3. Feature Extraction & Processing Trace
Containerized pipelines perform segmentation and feature extraction (e.g., cell morphology vectors). Each step appends to the processing trace:
- Segmentation model + version
- Feature extractor + parameter digest
- Normalization and QC filters applied
Outputs: per-cell or per-well feature matrices, QC flags, lineage links back to raw assets.
4. Submission & Integrity Anchoring
The dataset (raw assets optional, processed features mandatory) plus manifest is prepared:
- Content hashes computed (raw subset, features, manifest).
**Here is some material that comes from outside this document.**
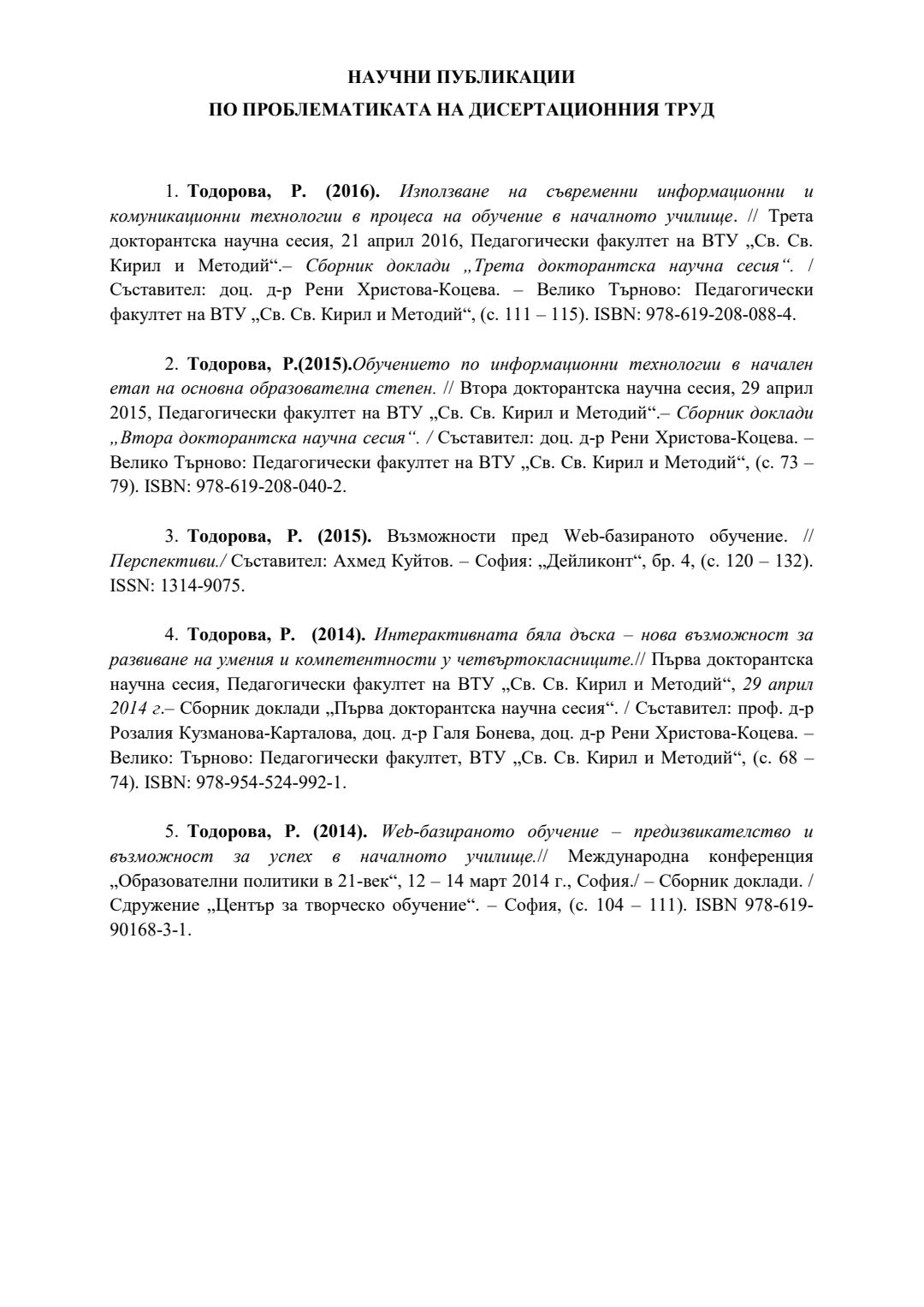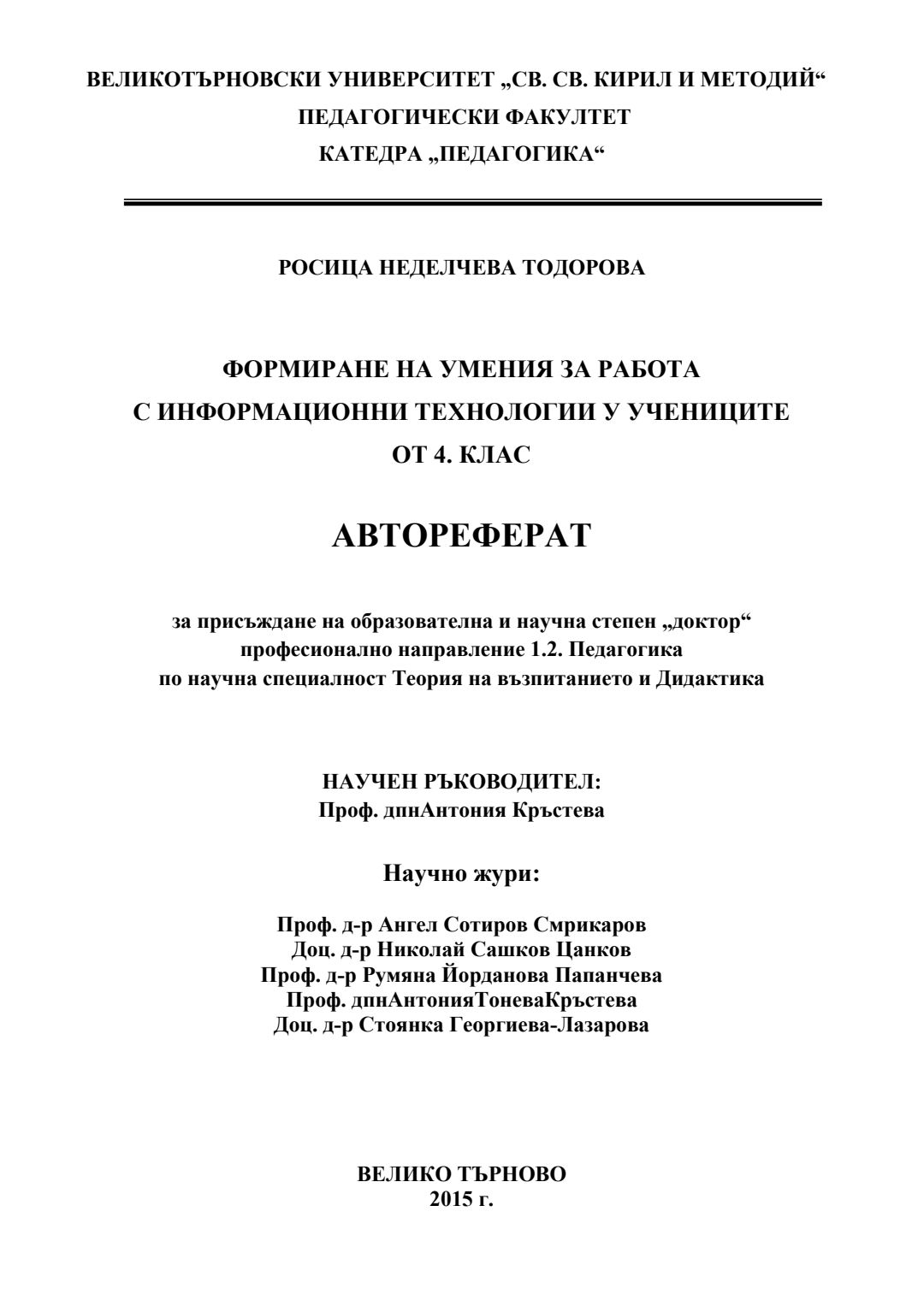 Формиране на умения за работа с информационни технологии у учениците от 4. клас : Автореферат/ Росица Неделчева Тодорова ; Науч. ръководител Антония Кръстева

- An integrity anchor (hash of hash set) optionally registered on-chain as a contribution record.
- Dataset registered in a discovery index with search facets.
5. Ingestion & Standardization Layer
On the network side:
- Manifests parsed; schema version compatibility checked.
- Controlled vocabulary normalization (channel roles, perturbation units).
- Batch/site effect variables extracted for downstream modeling.
- Derived dataset lineage incorporated into a global graph.
6. Virtual Cell Training Pipeline
A scheduled (or continuous) training job:
- Loads new OMS-compliant datasets.
- Updates multimodal encoders (imaging, expression) to align latent spaces.
- Trains perturbation-aware dynamics (dose, time, sequential interventions).
- Calibrates uncertainty via likelihood heads + OOD detectors.
- Evaluates on benchmark suite (held-out cell types, perturbations, timepoints).
Model checkpoints record dataset contribution proportions (for attribution or incentives).
7. Inference & Simulation Services
APIs expose:
- State embedding of new observations.
- Predictive simulation: given a baseline state + perturbation plan (compound X @ dose D over T hours), return predicted morphology / expression trajectories.
- Counterfactual queries: difference between interventions A vs. B.
- Uncertainty + OOD indicators.
8. Active Learning Loop
The system ranks candidate experiments by expected information gain:
- High uncertainty regions in latent space.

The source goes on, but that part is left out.